This book gets at the heart of the Christian life by considering some of the great truths of God's existence. Christopher Holmes, an expert in contemporary theology, engages with the church fathers along with Augustine and Aquinas to offer a rich, accessible account of the triune God and the divine perfections. Holmes shows how we share in the life of God through imitation and participation and how the doctrines of the triune God and the divine attributes shape our understanding of the Christian life. Throughout, Holmes demonstrates the importance of theology for Christian faith and practice.
Christopher R. J. Holmes (ThD, Wycliffe College and University of Toronto) is associate professor in systematic theology at the University of Otago in New Zealand.
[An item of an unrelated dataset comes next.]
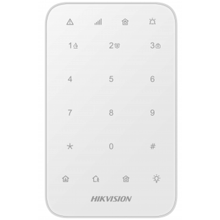 Бренд: Hikvisionклавиатура охранной панели, которая может быть подключена к AX PRO для контроля и управления тревожными событиями, поддерживается извещение о тревоге при помощи индикатора и бипера, дальность р/ч передачи: 1200 м, питание от 4x AA батарей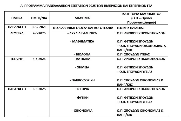 Α. ΠΡΟΓΡΑΜΜΑ ΠΑΝΕΛΛΑΔΙΚΩΝ ΕΞΕΤΑΣΕΩΝ 2025 των ημερήσιων και εσπερινών ΓΕΛ

He is an Anglican priest, and he is the author of The Holy Spirit, Ethics in the Presence of Christ, and Revisiting the Doctrine of the Divine Attributes: In Dialogue with Karl Barth, Eberhard Jüngel, and Wolf Krötke.
Perhaps the most profound and rich work on the Christian life I’ve ever read. Likely some of it was over my head, but that did not keep me from feasting on the rest.
Really a marvelous book. I’d give it 4.5 stars if I could. Beautifully written, but sometimes you just wanted him to say things straight and not wax poetic. Still, questions about theology as a moral discipline will find answers here. Why study the simplicity of God? Because in his simplicity we see that we never receive a part of God, but God himself. Why study his infinity? Because in it we learn that we will never stop learning about God, that we too might take part in the infinite itself.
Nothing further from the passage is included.